**DATA UNDER STUDY:**
Content starts
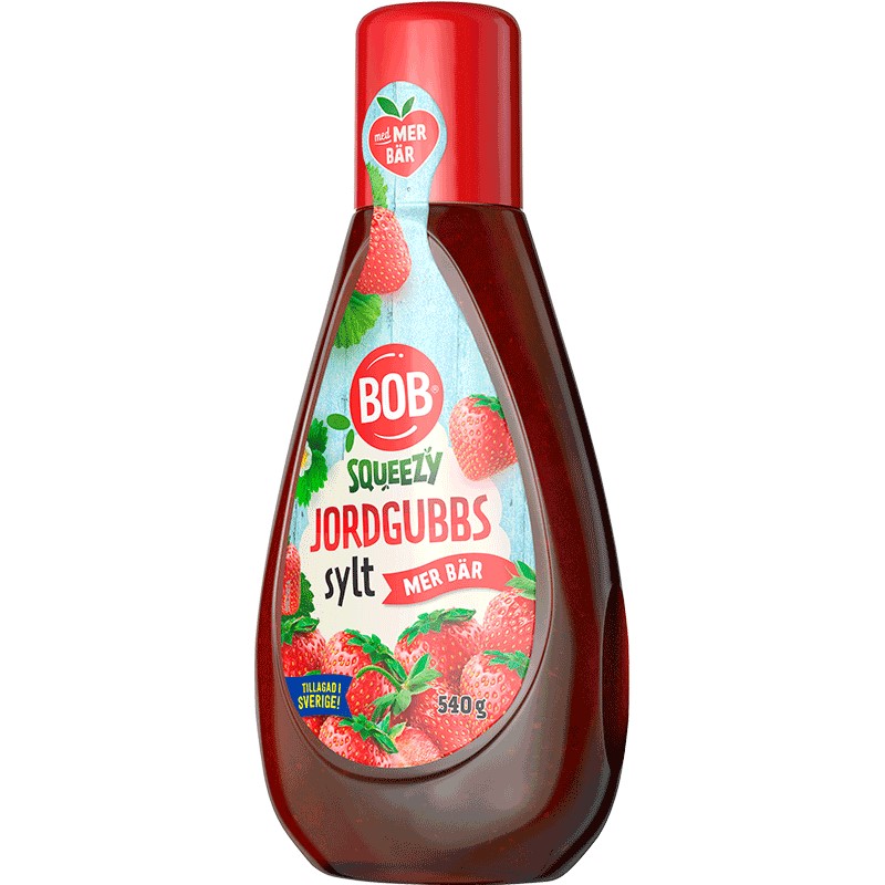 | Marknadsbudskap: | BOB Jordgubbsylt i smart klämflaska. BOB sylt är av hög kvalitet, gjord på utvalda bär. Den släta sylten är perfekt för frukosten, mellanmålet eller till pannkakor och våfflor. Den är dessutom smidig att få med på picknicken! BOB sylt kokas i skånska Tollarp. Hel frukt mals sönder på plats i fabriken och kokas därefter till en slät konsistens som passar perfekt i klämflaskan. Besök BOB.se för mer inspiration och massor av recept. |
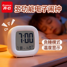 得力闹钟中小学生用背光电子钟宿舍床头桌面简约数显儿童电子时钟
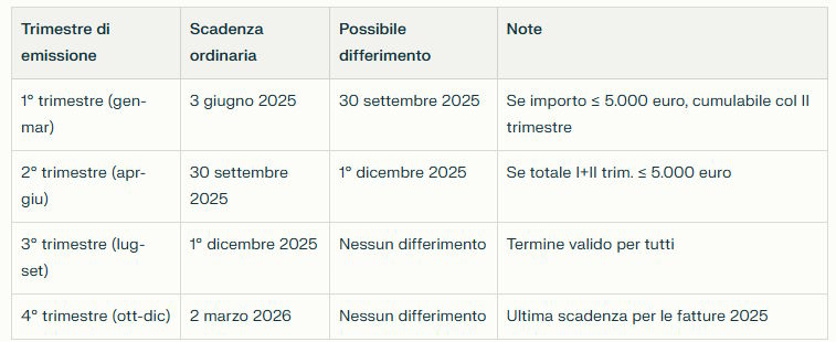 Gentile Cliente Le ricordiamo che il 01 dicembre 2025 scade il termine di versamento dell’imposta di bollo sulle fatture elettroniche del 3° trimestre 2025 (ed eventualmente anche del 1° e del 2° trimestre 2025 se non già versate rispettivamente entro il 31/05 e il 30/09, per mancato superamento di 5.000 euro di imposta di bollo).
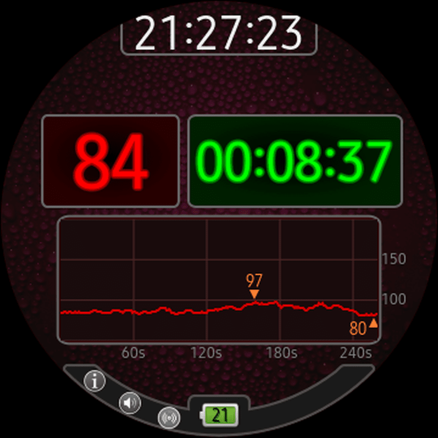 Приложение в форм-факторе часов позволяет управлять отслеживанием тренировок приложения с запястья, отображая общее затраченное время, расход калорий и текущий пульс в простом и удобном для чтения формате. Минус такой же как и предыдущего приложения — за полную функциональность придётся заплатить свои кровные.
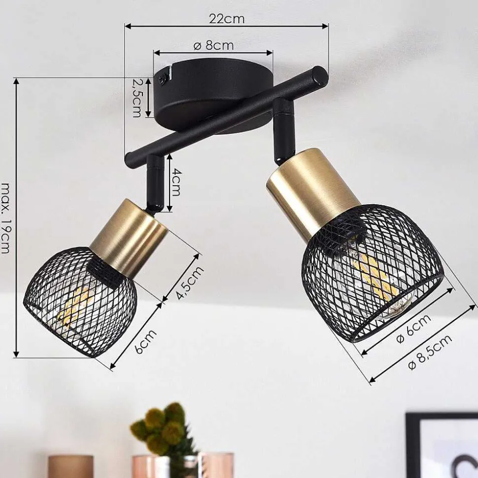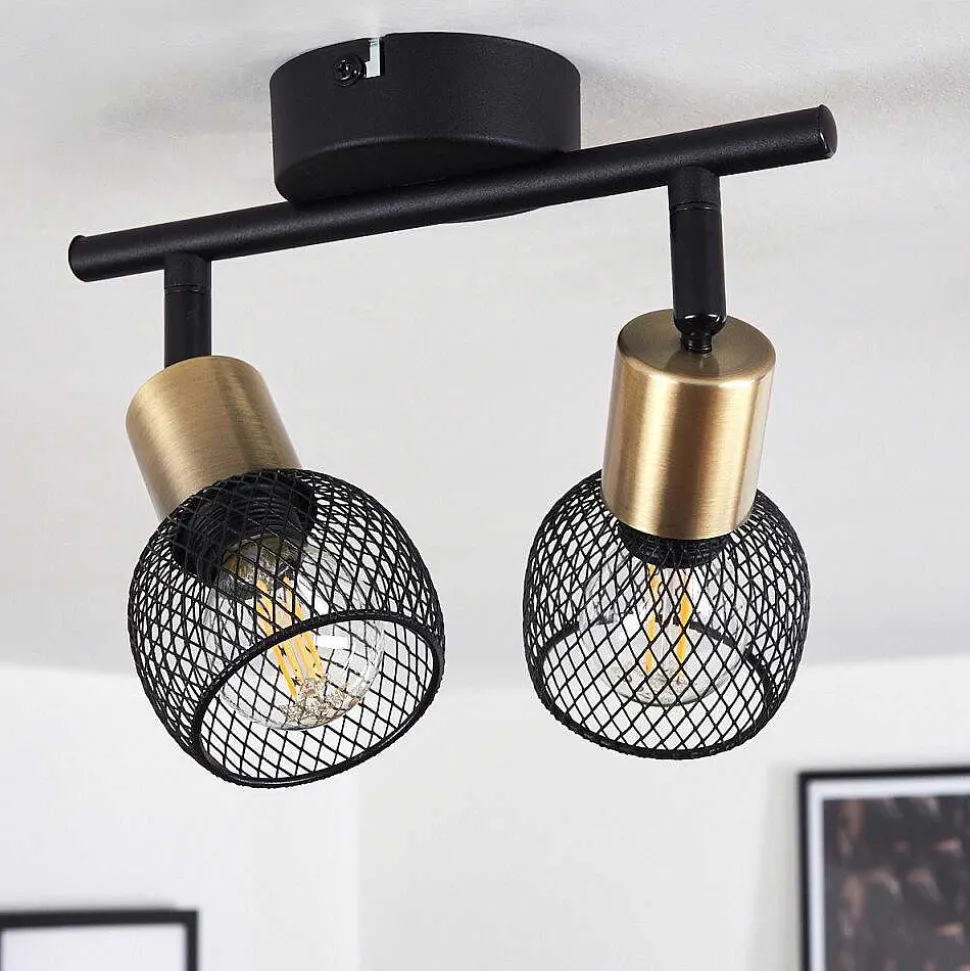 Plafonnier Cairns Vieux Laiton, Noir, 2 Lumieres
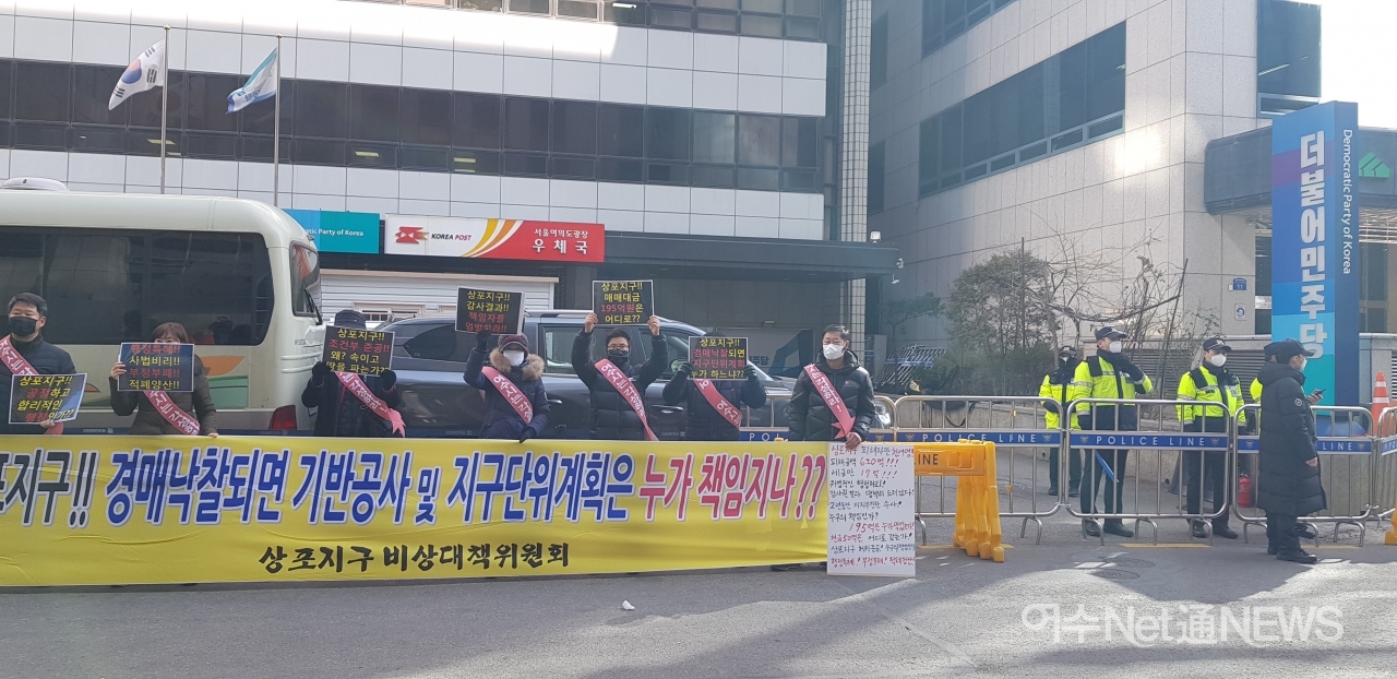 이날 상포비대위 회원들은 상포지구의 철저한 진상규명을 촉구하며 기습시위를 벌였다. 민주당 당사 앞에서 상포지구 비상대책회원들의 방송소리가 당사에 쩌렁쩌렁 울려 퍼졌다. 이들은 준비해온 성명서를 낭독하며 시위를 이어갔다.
Content ends
Content starts
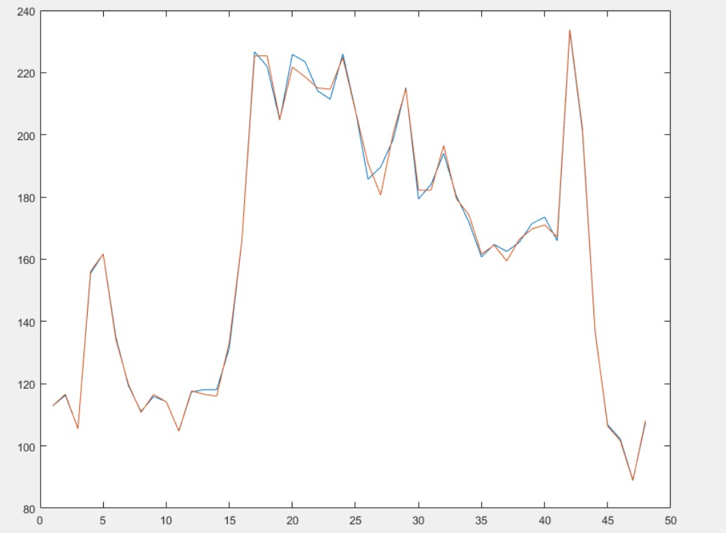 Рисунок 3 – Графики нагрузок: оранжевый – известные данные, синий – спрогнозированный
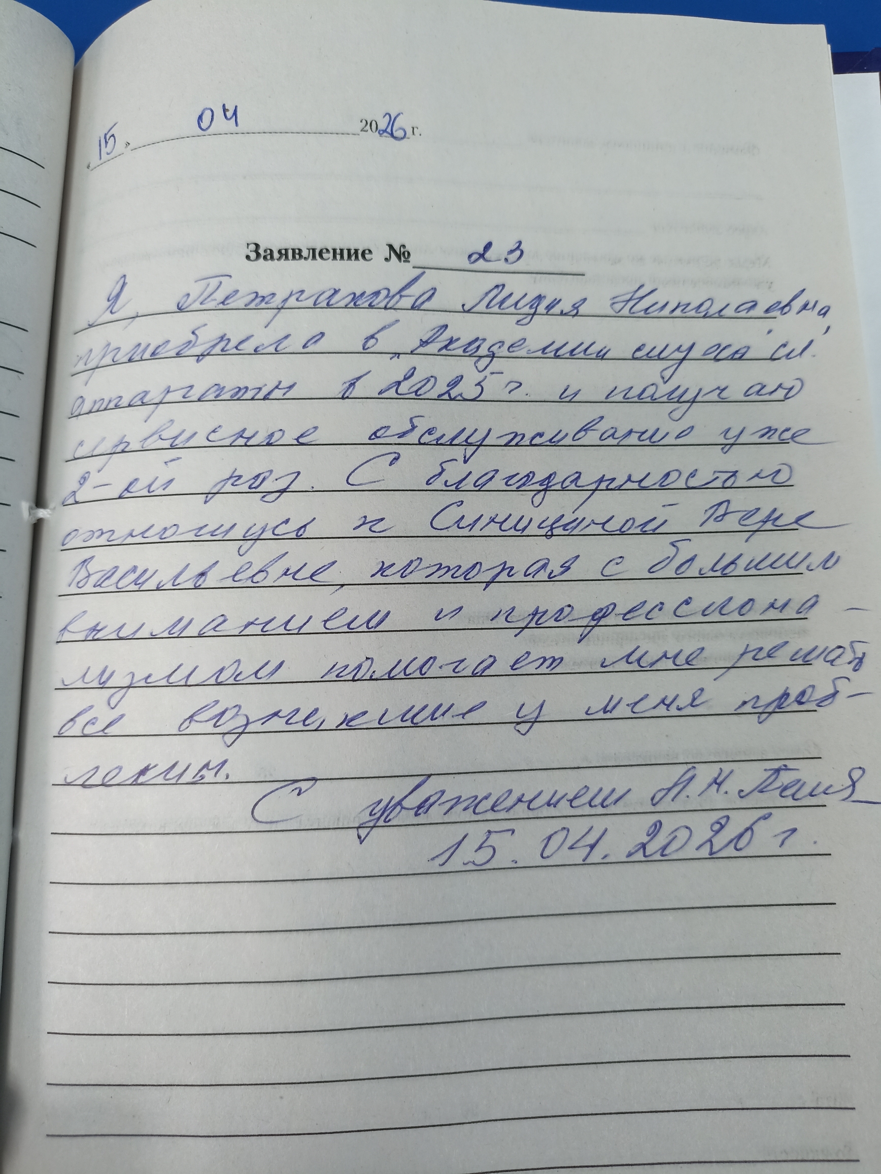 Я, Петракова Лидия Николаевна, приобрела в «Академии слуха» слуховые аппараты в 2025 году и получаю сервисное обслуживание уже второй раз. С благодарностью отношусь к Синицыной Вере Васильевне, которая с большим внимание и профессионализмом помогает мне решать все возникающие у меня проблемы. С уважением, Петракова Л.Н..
Content ends
**ASSIGNMENT:**
The reply should hold exactly the lines above, starting at the line with "得力闹钟中小学生用背光电子钟宿舍床头桌面简约数显儿童电子时钟" and ending at the line with "Gentile Cliente Le", and no pictures.

**WRITTEN RESPONSE:**
 得力闹钟中小学生用背光电子钟宿舍床头桌面简约数显儿童电子时钟
 Gentile Cliente Le ricordiamo che il 01 dicembre 2025 scade il termine di versamento dell’imposta di bollo sulle fatture elettroniche del 3° trimestre 2025 (ed eventualmente anche del 1° e del 2° trimestre 2025 se non già versate rispettivamente entro il 31/05 e il 30/09, per mancato superamento di 5.000 euro di imposta di bollo).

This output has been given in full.